___ PROVIDED MATERIAL ___

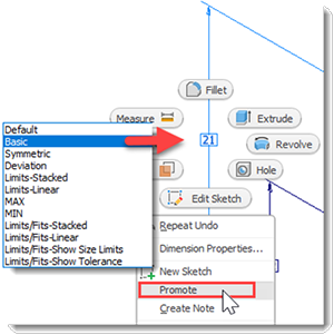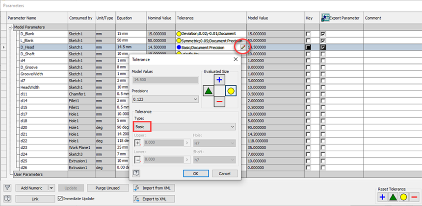 Basic tolerance: The Parameters Editor provides access to the Basic tolerance which can be promoted and synced with 3D annotations in the model and retrieved in drawings.
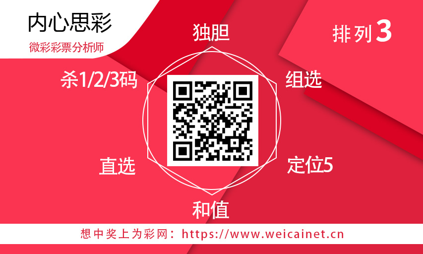 获取老师更多分析信息,请扫下方二维码 内心思彩 获取老师更多分析信息,请扫下方二维码 【重磅来袭】 关注公众号“为采推荐”一手分析信息在手,中奖不愁! 根据图片提示进入“微彩点播厅”另有意想不到的结果,赶紧大胆来尝试下! 文章来源:微彩点播厅 文章编辑:射手座 声明:以上观点属于个人分析,请大家理性参考!
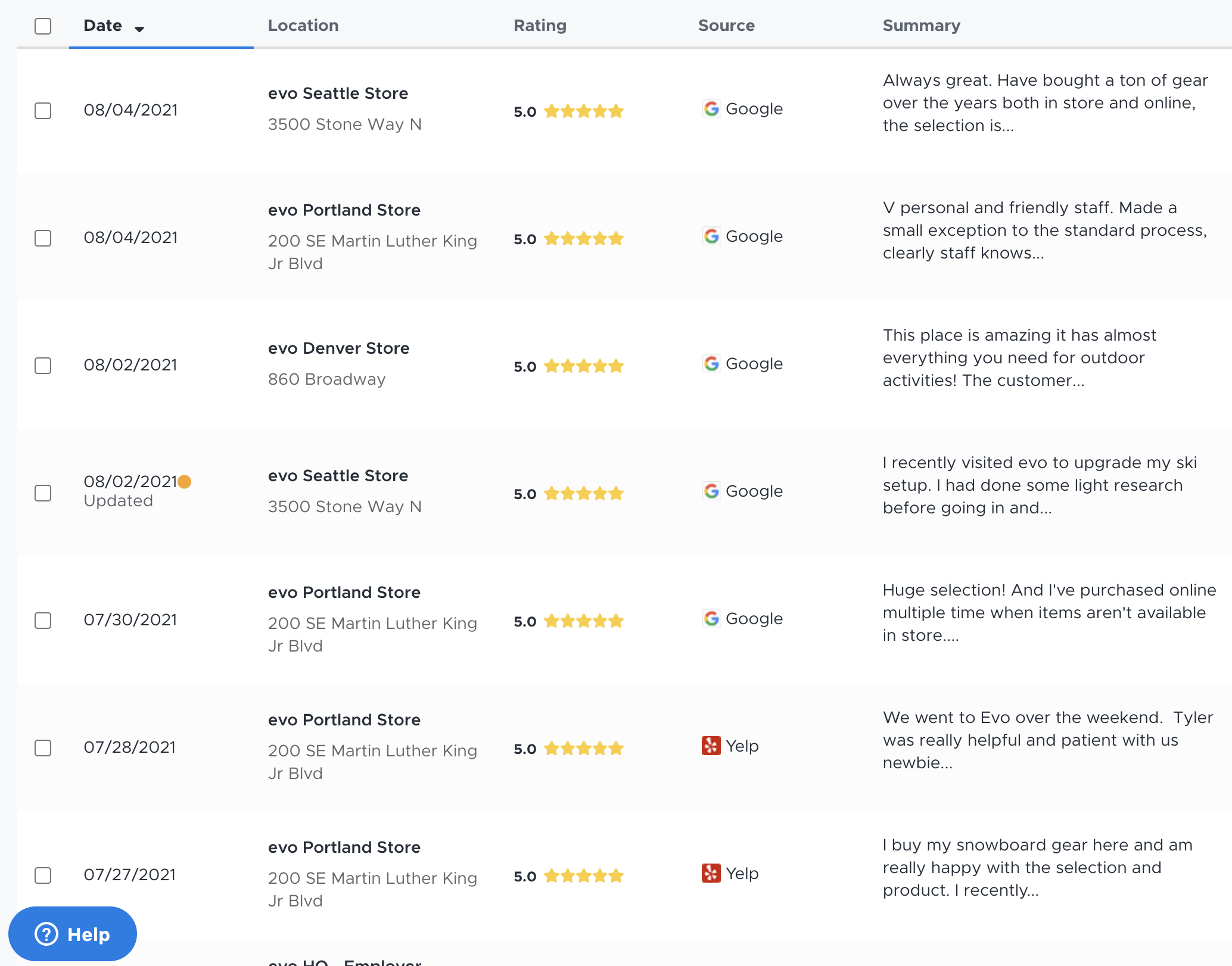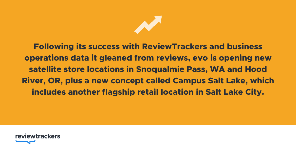 The entire evo organization understands and acts on this. Following its success with ReviewTrackers, evo is opening new satellite store locations in Snoqualmie Pass, WA and Hood River, OR, plus a new concept called Campus Salt Lake, which includes another flagship retail location in Salt Lake City.
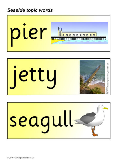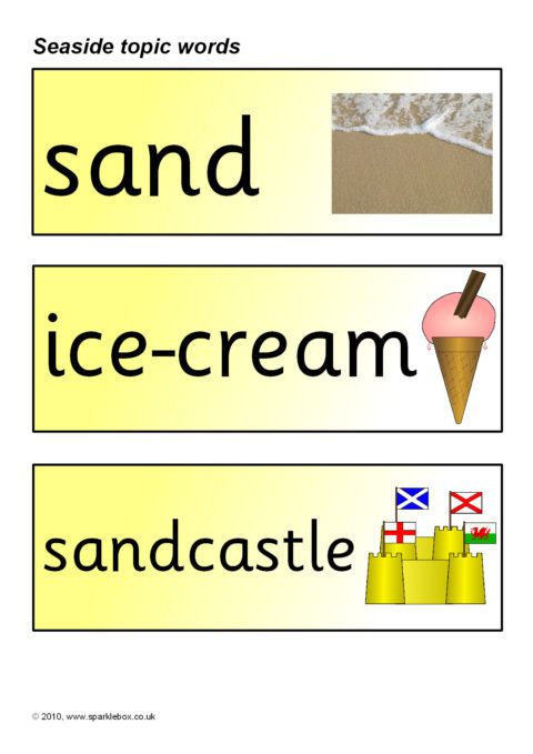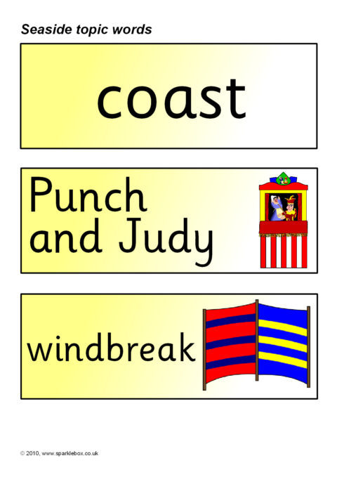 A set of word and picture cards linked to a topic on the seaside. Great for classroom displays, word banks or laminating for other topic-related activities.

___

## WHAT IS EXPECTED
Would you return the material above exactly, apart from its pictures?

## ANSWER FOR THE TASK
 Basic tolerance: The Parameters Editor provides access to the Basic tolerance which can be promoted and synced with 3D annotations in the model and retrieved in drawings.
 获取老师更多分析信息,请扫下方二维码 内心思彩 获取老师更多分析信息,请扫下方二维码 【重磅来袭】 关注公众号“为采推荐”一手分析信息在手,中奖不愁! 根据图片提示进入“微彩点播厅”另有意想不到的结果,赶紧大胆来尝试下! 文章来源:微彩点播厅 文章编辑:射手座 声明:以上观点属于个人分析,请大家理性参考!
 The entire evo organization understands and acts on this. Following its success with ReviewTrackers, evo is opening new satellite store locations in Snoqualmie Pass, WA and Hood River, OR, plus a new concept called Campus Salt Lake, which includes another flagship retail location in Salt Lake City.
 A set of word and picture cards linked to a topic on the seaside. Great for classroom displays, word banks or laminating for other topic-related activities.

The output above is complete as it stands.